Goal of the exercise -> Start at the line in the entries below that contains "Mary Obering Drop", stop at the line that contains "Walls and ceiling needs sheetrock", and output exactly the lines in that span, both ends included.

Material provided ->
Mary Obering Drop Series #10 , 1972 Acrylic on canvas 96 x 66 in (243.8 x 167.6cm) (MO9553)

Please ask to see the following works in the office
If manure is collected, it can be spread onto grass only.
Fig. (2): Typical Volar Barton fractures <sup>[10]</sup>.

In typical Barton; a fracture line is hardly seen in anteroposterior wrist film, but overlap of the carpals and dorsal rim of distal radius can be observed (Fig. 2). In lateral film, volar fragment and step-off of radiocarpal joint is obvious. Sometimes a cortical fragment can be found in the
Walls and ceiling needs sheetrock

...

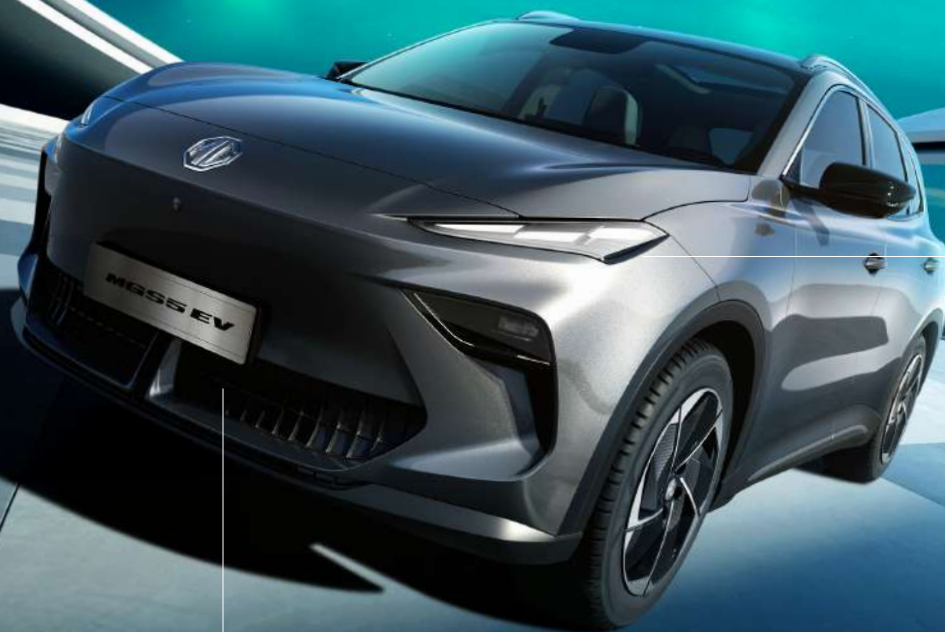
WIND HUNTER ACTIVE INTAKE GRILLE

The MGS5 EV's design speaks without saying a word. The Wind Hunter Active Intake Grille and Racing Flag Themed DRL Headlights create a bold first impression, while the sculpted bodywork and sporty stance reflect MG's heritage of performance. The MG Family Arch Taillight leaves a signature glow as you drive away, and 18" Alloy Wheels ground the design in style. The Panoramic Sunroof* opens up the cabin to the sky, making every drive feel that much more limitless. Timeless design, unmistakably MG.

Expected answer ->
Mary Obering Drop Series #10 , 1972 Acrylic on canvas 96 x 66 in (243.8 x 167.6cm) (MO9553)

Please ask to see the following works in the office
If manure is collected, it can be spread onto grass only.
Fig. (2): Typical Volar Barton fractures <sup>[10]</sup>.

In typical Barton; a fracture line is hardly seen in anteroposterior wrist film, but overlap of the carpals and dorsal rim of distal radius can be observed (Fig. 2). In lateral film, volar fragment and step-off of radiocarpal joint is obvious. Sometimes a cortical fragment can be found in the
Walls and ceiling needs sheetrock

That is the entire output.